Basics of Probability and Linear Regression in Sports Betting

Antonio Hila
5 min readApr 26, 2020

Sports betting has always been a big part of sports, whether it’s just between friends or betting on Vegas lines. I’m not a big gambler myself but I always like to predict which teams will win against the spread. Before I get into that some information on Vegas lines for those that don’t know. The spread is the score by which Vegas predicts one team will win over another. So if the Knicks are favored (just an example obviously) by 3.5 points, then to win back the same amount of money you put in the Knicks would have to win the game by more than 3.5 points. So knowing that I have always wondered, how do Vegas make their lines so well. It’s always very hard to guess who is going to win by the Vegas spread because it’s always so well done. It was not always like this but with the boom in data science the numbers and lines have continued to get better and they use linear regression to do it. They use data they have collected about the team from games they have played in that season or in the prior seasons (if the team is similar) to judge how they will do in the future.

Creating predictions

So creating predictions with other forms of betting is simple. If you want to guess what card is coming next in a deck, you know you have a 1/52 chance. But if you want to know which team will win in a certain game it’s a lot less black and white. That’s where linear regression and probability comes in. The most basic method is to use a team’s current win percentages as the model. So if team A won 50% of their games, and team B won 55% than you would pick team B. Obviously that’s not the case because there is much more to a game than which team has won more in the past.

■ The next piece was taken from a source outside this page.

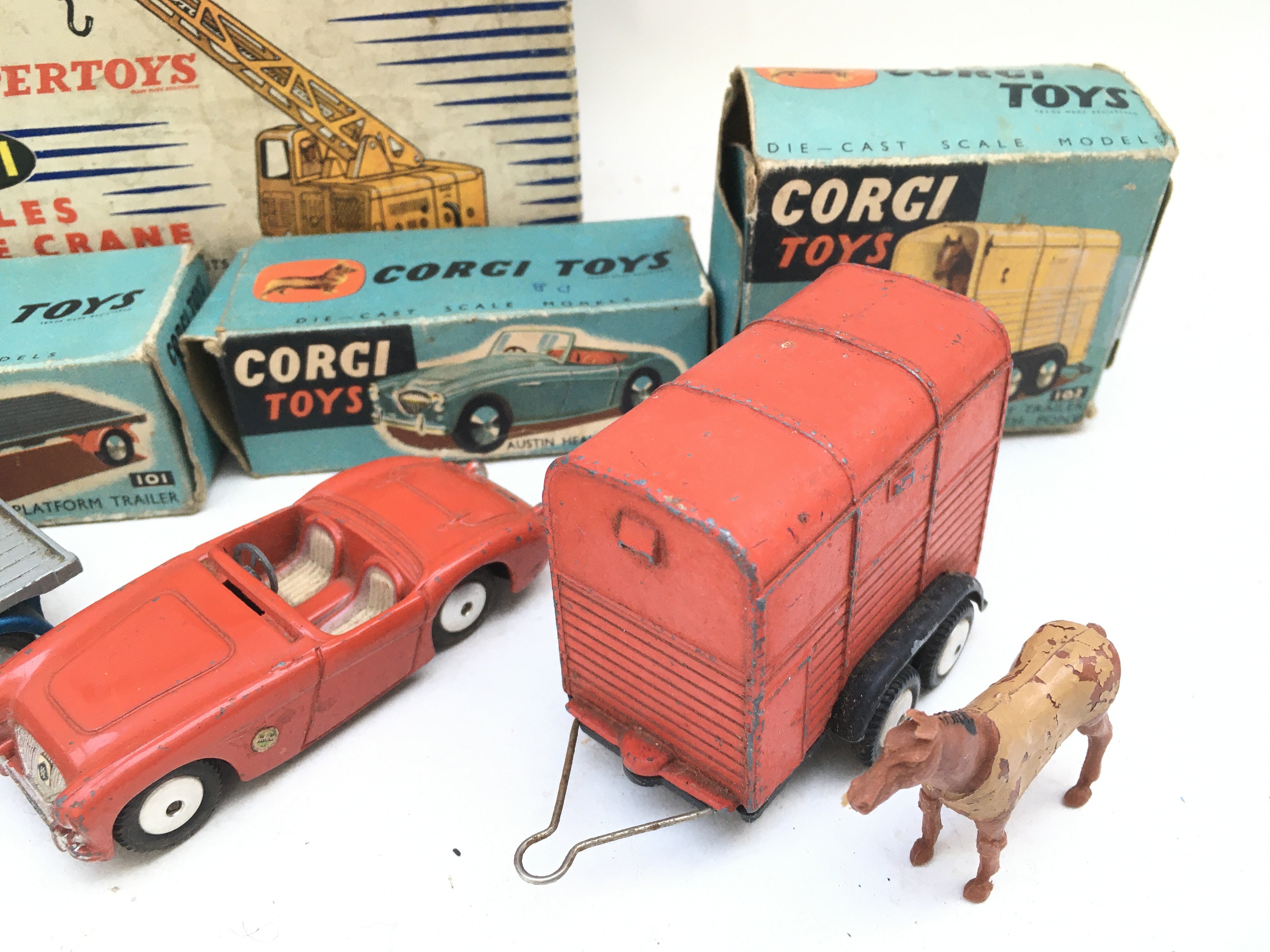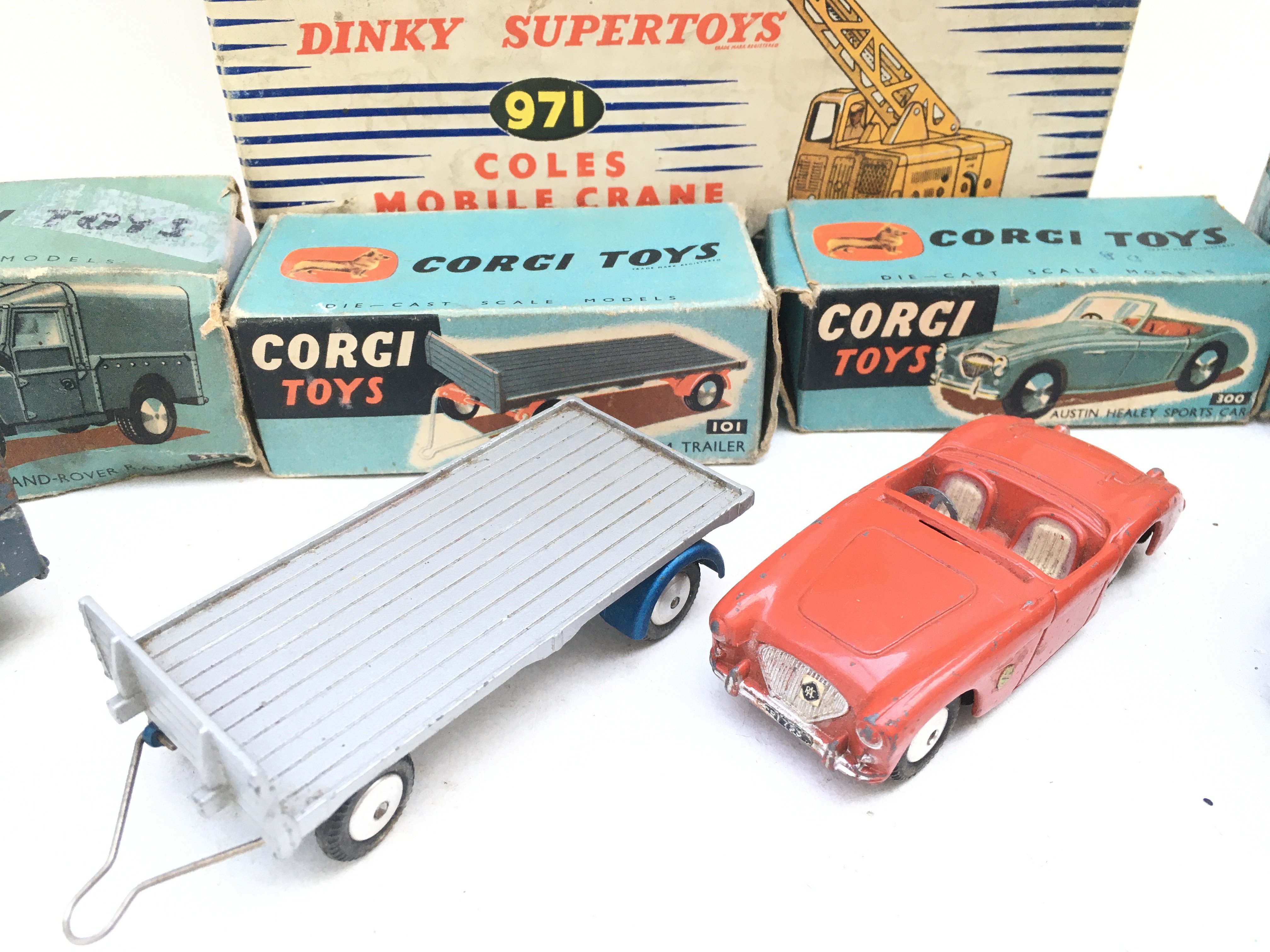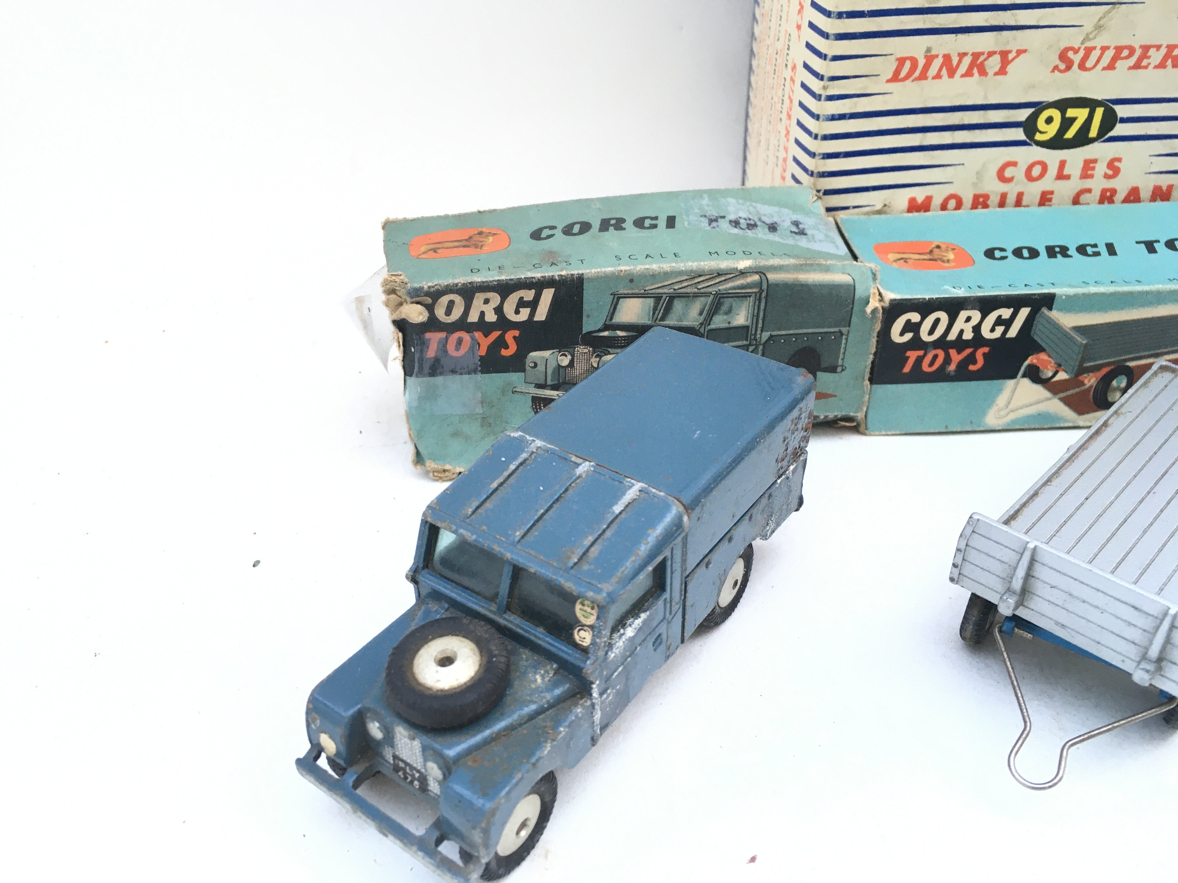 4 Boxed Corgi Vehicles and a Dinky Coles Mobile Crane. Boxes And Vehicles aim Various States.

The base model that is most commonly used is logistic regression analysis. It is used to provide a probability percentage for a given variable and for sports it uses mv, or the margin of victory. This has always been the best indicator of a good team. They adapted this even further into net rating, which is a teams margin of victory over 100 possessions, so teams that play faster or slower get rated at the same scale.

The problem with the logistic regression system is that it only accounts for the 1 variable of margin of victory. But an actual game depends on many variables such as, matchups, players in the game, players that might be injured, history between the 2 teams prior to the season, home field advantage, etc. A lot of the time these things have an impact on the game and finding how much of an impact that can be is what the oddsmakers are trying to figure out. The method that is used to cover this is multiple regression analysis, as the name suggests this uses various pieces of information about the team in the past to see how it will affect outcomes in the future. To use a multiple regression analysis you need a dependent variable you are trying to find and multiple independent variables that relate to the dependent variable. The information that someone will pass through the regression model may be, the current win percentages of the team, their record against each other, and the point differential. And now using the new model with multiple parameters you can get a much better sense of the data and who will win.

But there are problems with multiple regression analysis. One large problem is when analyzing the data it is important to know whether there is correlation or causation to the variables that are being used. Because the multiple regression model needs the independent variables to relate to the defendant variable if the user takes in variables that correlate to the defendant variable but it doesn’t actually have a large effect on the outcome it can mess up the prediction model. Take for example a matchup between the Celtics and the lakers from earlier this year. In this game Kemba Walker on the Boston Celtics, was playing against Lebron James on the lakers. Before this game LeBron had a 28–0 record against Kemba in their career matchups. Looking at the record at face value will lead almost anyone to believe it is a very important stat that you would add on to a multiple regression model to take into account for the game. And honestly even beyond face value it’s a little hard to argue because a 28 game sample size is fairly large in the NBA. But when you dig into it you realize for almost all of those games Kemba Walker was on a much worse Charlotte Bobcats/Hornets team that in almost every game would be a heavy underdog to whatever team Lebron was on. So now that he’s on a much better team it may have less of an impact on the prediction of the result than one would have first thought. These are the type of things that they look out for when using the regression models for games. Every game is different and all things have an affect on the game no matter how small, the model just takes the most important information and tries to get a fair number out of it that betting companies can then use as the spread for a game.

Closing thoughts

As with almost anything in life these predictions can always get better to get even more even lines for the future. A lot of the time it’s when the betting companies lose money on a certain type of bet that they begin to adapt and get better. People are always trying to find variables that can be looked at and used to get more accurate predictions. But in the end there is only a certain point they can reach as sports have a variability to them that is, at least in my opinion, impossible to fully predict.

--

--